Memorandum by Mr Mark Holloway (H3)

  This information is submitted by the Acquired Brain Injury Co-ordinator for East Sussex a post funded by Joint Finance and based within Headway Hurstwood Park a Day and Outreach service covering Sussex. I have been in post for two years and work across the County (pop 750,000) aiming to assist individuals access appropriate services, inform providers of short comings and collate information. Since taking up the post I have had 270 people with an acquired brain injury referred to me. My remit is broader than traumatic injury alone as it includes insult to the brain caused by sub-arachnoid haemorrahage, meningitis, encephalitis and hypoxia. These non-traumatic injuries present with very similar sequelae and hence it was felt by my employers and the funders that their inclusion is vital.

  Prior to taking up this post I have worked with brain injured people for over ten years in a variety of settings and locations and am happy to provide the Health Select Committee with further evidence, either in writing or in person, of the need for thought out change. I am a qualified Social Worker and initially began working with brain injured adults in a residential setting. The advent of Community Care prompted the Local Authority to close this unit and open community supported living projects. I worked alongside a small group of brain injured people in the new unit facilitating community reintegration. It was in this setting I first began to understand the complex nature of brain injury and the disjointed and chaotic manner in which it was responded to. I later left to manage a voluntary sector advocacy project where I continued to have contact with a sizeable number of brain injured adults and their families all of whom were struggling with the services as much as with the injury itself. The following comments reflect the experience of working with over five hundred brain-injured people.


  1.  Enact the Royal College of Surgeons June 1999 report in to the management of patients with Head Injuries.

  2.  Consider rehabilitation as a whole from hospital bed to, where possible, community/work reintegration.

  3.  Recognise that inadequate long-term care prevents positive change and promotes the entrenching of negative behaviour. Recovery from brain injury is a process that requires management, it is not a position of stasis.

  4.  Pool Health and Social Services budgets for the provision of rehabilitation and longer term residential and community support.

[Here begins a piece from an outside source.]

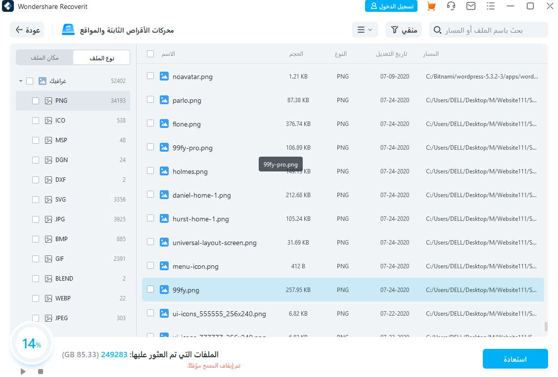 استرجاع الصور المحذوفة عبر برنامج Recoverit

  5.  Recognise that current practice in terms of moving people through the system from intensive care to home is inadequately managed and there are other models of good practices.


  1.  The very definition of rehabilitation is central to the difficulties faced by brain-injured people and their relatives. By having too narrow a definition and considering rehabilitation to be solely hospital/building based the whole concept of returning to community functioning is missed. Lack of access to appropriate community rehabilitation requires some people to unnecessarily access inpatient rehab, some to receive no rehab and does not permit rehabilitative principles to be carried over from the inpatient setting to the community. This can create circumstances whereby functional gains made in a rehab setting are not carried over and services working in the community are not given the opportunity to learn and work appropriately.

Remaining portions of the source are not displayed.